◆ Information:
┄┄┄┄┄┄
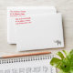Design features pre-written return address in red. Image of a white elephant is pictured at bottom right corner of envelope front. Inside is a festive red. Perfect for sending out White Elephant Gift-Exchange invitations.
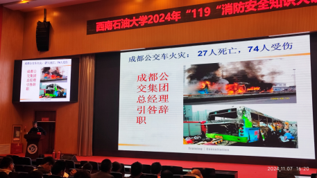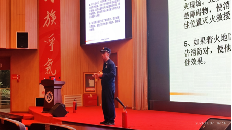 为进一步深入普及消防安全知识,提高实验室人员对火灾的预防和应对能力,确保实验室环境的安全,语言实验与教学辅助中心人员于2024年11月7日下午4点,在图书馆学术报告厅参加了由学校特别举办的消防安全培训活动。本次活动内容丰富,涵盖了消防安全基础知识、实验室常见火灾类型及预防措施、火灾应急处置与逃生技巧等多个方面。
┄┄┄┄┄┄
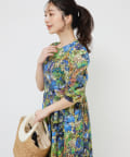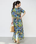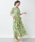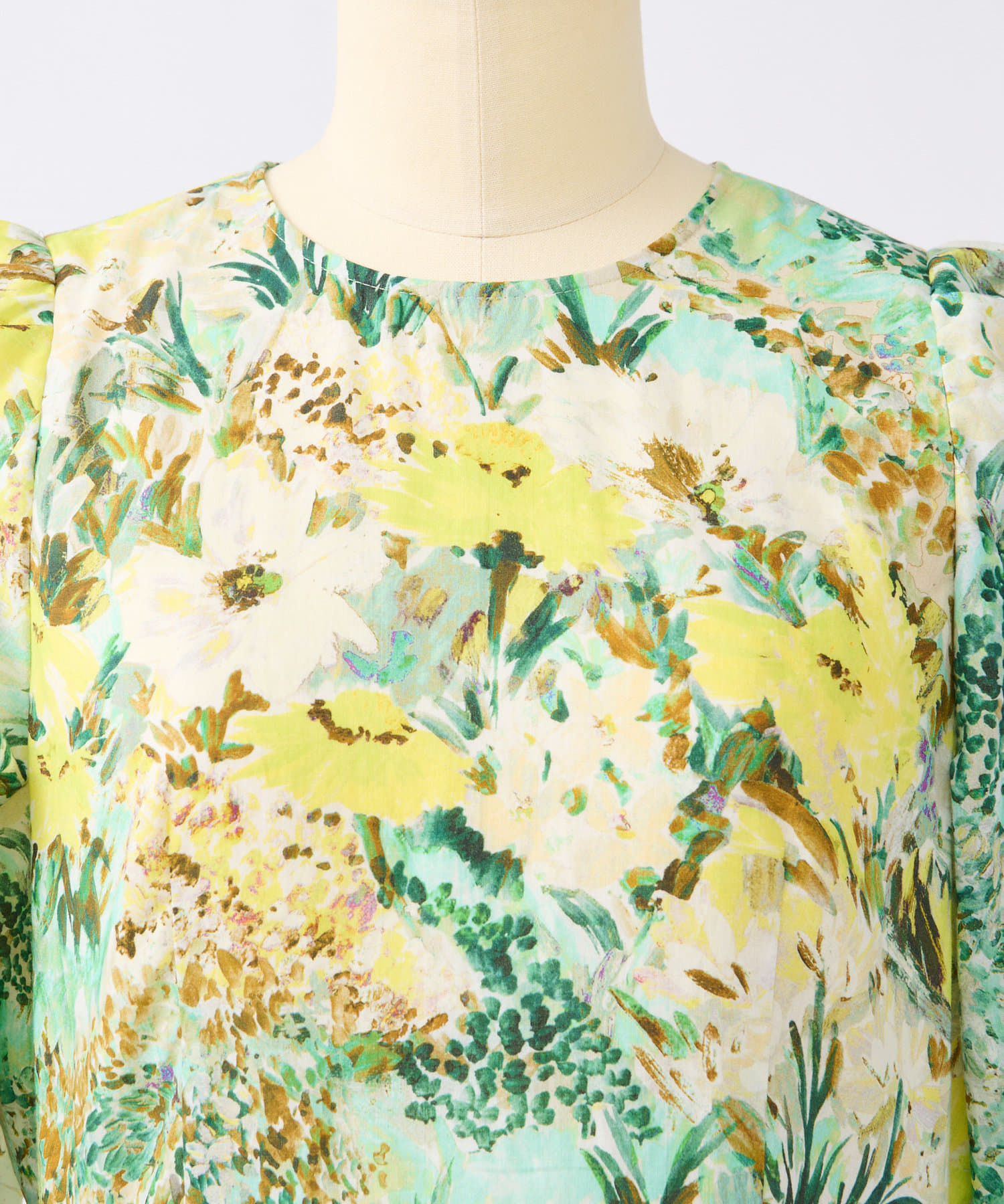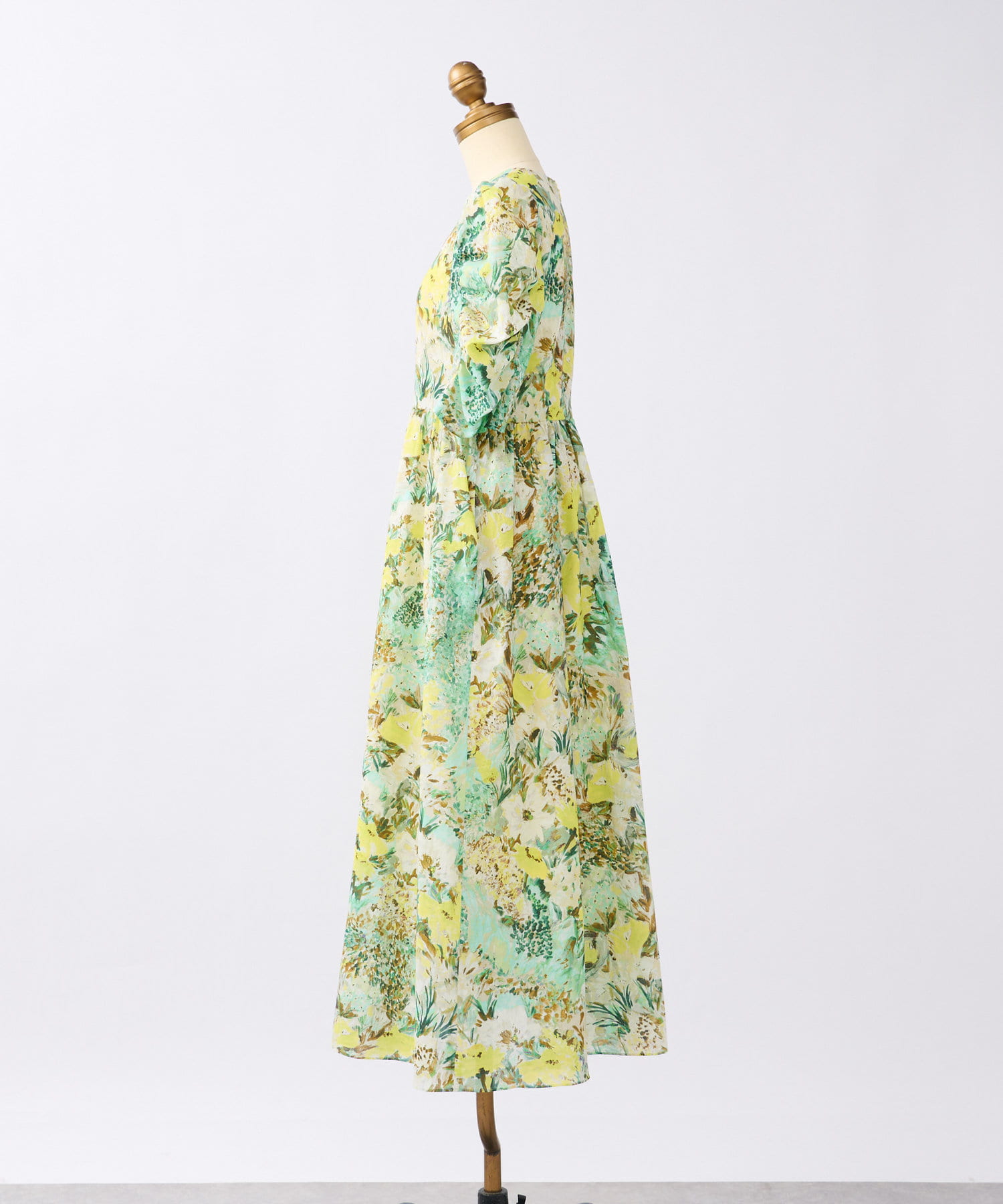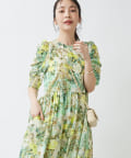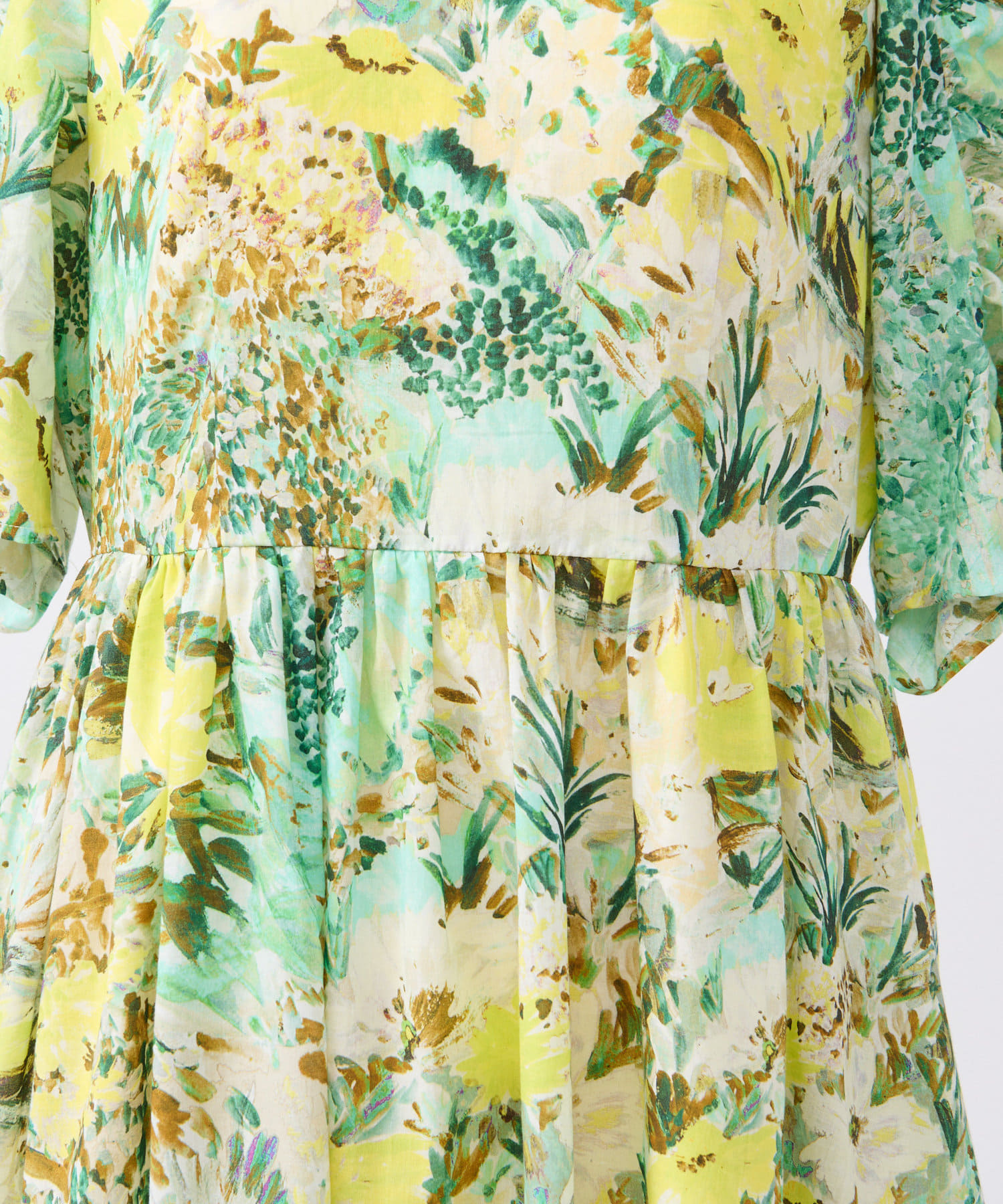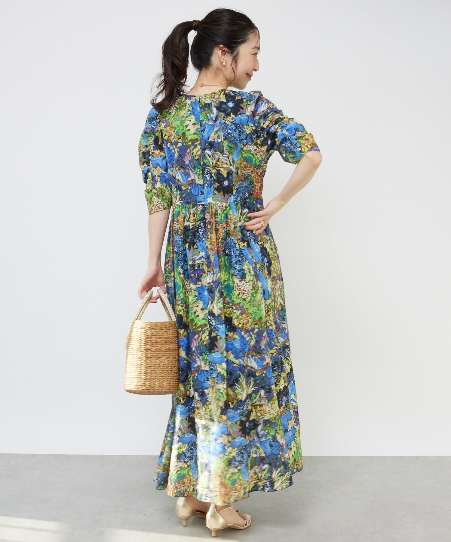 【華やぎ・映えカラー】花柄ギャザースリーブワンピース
┄┄┄┄┄┄
Only the lines above starting with the line with "Design features pre-written" and going on through the line with "为进一步深入普及消防安全知识" belong in the answer; repeat them exactly, minus any picture.

◆ Response box:
Design features pre-written return address in red. Image of a white elephant is pictured at bottom right corner of envelope front. Inside is a festive red. Perfect for sending out White Elephant Gift-Exchange invitations.
 为进一步深入普及消防安全知识,提高实验室人员对火灾的预防和应对能力,确保实验室环境的安全,语言实验与教学辅助中心人员于2024年11月7日下午4点,在图书馆学术报告厅参加了由学校特别举办的消防安全培训活动。本次活动内容丰富,涵盖了消防安全基础知识、实验室常见火灾类型及预防措施、火灾应急处置与逃生技巧等多个方面。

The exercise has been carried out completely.